ISSN: 1391 - 0531
Sunday March 9, 2008
Vol. 42 - No 41
Funday Times

Yuri Gagarin

Yuri Gagarin (1934-1968), Soviet cosmonaut and first human to fly in space. Gagarin flew into space aboard Vostok 1 on April 12, 1961, and made one orbit of the earth.

Yuri Alekseyevich Gagarin was born in the Smolensk region of the former Union of Soviet Socialist Republics (USSR). His family was displaced during World War II (1939 -1945) and moved to the town of Gzhatsk in the north-eastern part of Smolensk. In 1949, Gagarin began his higher education at a manufacturing trade school in Lyubertsy, a town outside of Moscow.

In 1951, he trained as a metalworker at the industrial technical school in Saratov, which is south-east of Moscow. While he was in Saratov, he joined a flying club and learned to fly airplanes. His instructor recommended him to the air force, and Gagarin began attending the Soviet Air Force cadet training school at Chkalov (now Orenburg) in Russia in 1955. He graduated from the academy with high distinction in 1957, shortly after the launchof Sputnik 1.

Gagarin applied for the six-week cosmonaut screening process in 1960 with just 230 hours of flying experience. He and 19 others were selected to become cosmonauts. Of these 20 men, 12 eventually completed space flights. Gagarin and fellow cosmonaut Gherman Titov, front-runners in their class, were both contenders for the Vostok 1 flight.

Gagarin was chosen to fly aboard Vostok 1 just four days before the launch date. He boarded the Vostok craft roughly 90 minutes before lift-off on April 12, 1961. On the pad, he listened to piped-in music and received word that he had been promoted to the rank of major. There was at least one delay in the countdown, due to a faulty valve. At 9.07 a. m.
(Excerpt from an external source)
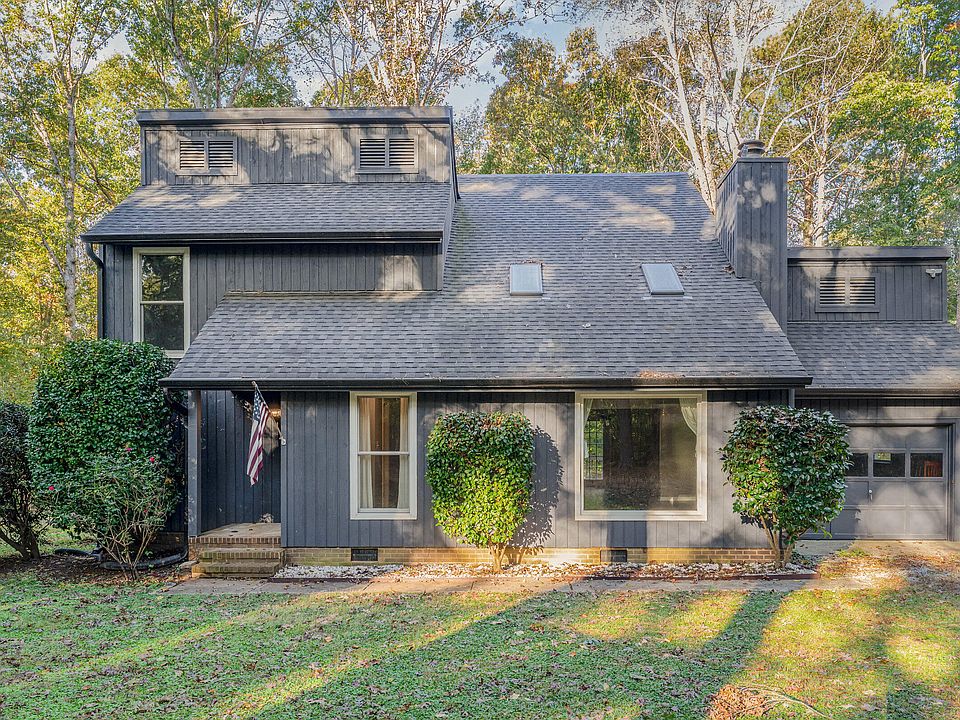 NO HOA and NO city taxes! Almost 1 acre lot in Apex. First floor master bedroom! Most of the big items have already been replaced. HVAC & Ductwork 2021, Anderson windows 2022, roof/gutters/guards 2023, plumbing 2023, water heater 2020. Interior freshly painted. Almost 1 acre with a lot of trees for privacy and it's at the end of a cul-de-sac so no traffic! Step inside the home and you are greeted with hardwood flooring on the main level. Vaulted ceilings and a fireplace in the living room open to the kitchen. The kitchen features granite counters, ss appliances, and tons of cabinets! First floor master with en suite bathroom. Bathroom has a walk-in shower with updated tile! Upstairs has two additional bedrooms and a full bath. Outside enjoy the outdoors on the deck overlooking the huge private lot! Feels like being in the country but in the heart of Apex. 25 minutes to RTP, and just a few minutes away from the new 540 southern loop to make travel even easier. There are so many hard to find things in this home! Easy to show, schedule a viewing today!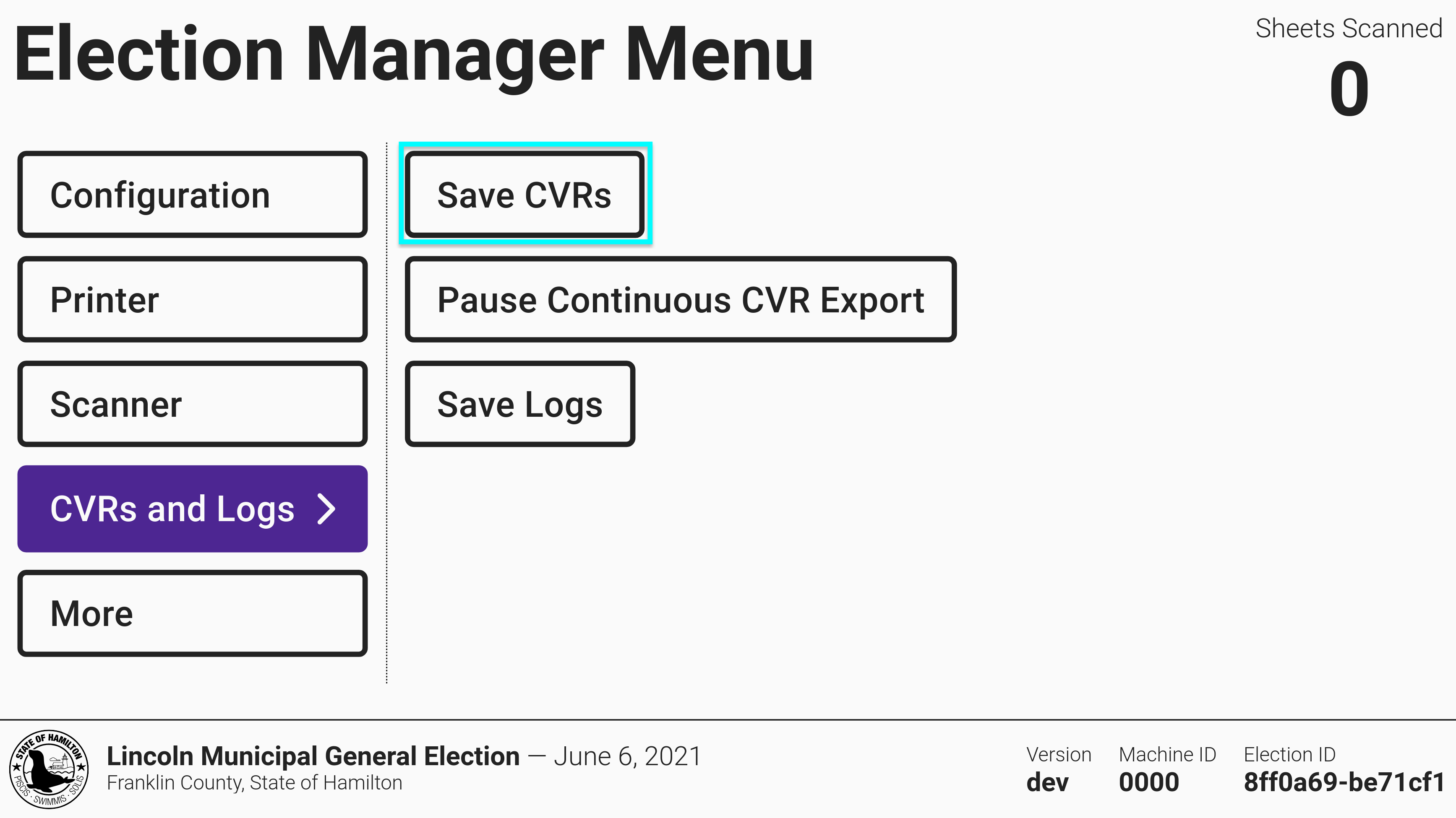 The cast vote records contain the images and the interpretation for each ballot cast and is used to tally votes in VxAdmin. The cast vote record saves continuously to the USB drive throughout the day and again at the close of polls. If another copy is needed, however, it can also be saved by selecting *`CVRs and Logs`* from the side menu and selecting *`Save CVRs`*.

Vostok 1, using the radio name CEDAR, lifted off for its 108-minute flight.

Gagarin was exposed to about six times the normal force of gravity on the earth during the launch phase and about eight times the normal force of gravity during the re-entry. During his one orbit around the earth, he ate and drank (no one had ever done this in weightlessness before), monitored the capsule systems, and evaluated his ability to observe features on the earth (he had no camera). The capsule control panels were locked, since everything was either automated or controlled from the ground, but Gagarin had the code to unlock the controls in a sealed envelope in case there was an emergency. Vostok 1 landed in a field near Saratov, observed only by cows and a few peasants.

Information that emerged in the late 1980s about the Soviet space program suggests that Gagarin actually bailed out of Vostok 1 at an altitude of about 6 km (about 4 miles) and descended under a parachute separately from the capsule.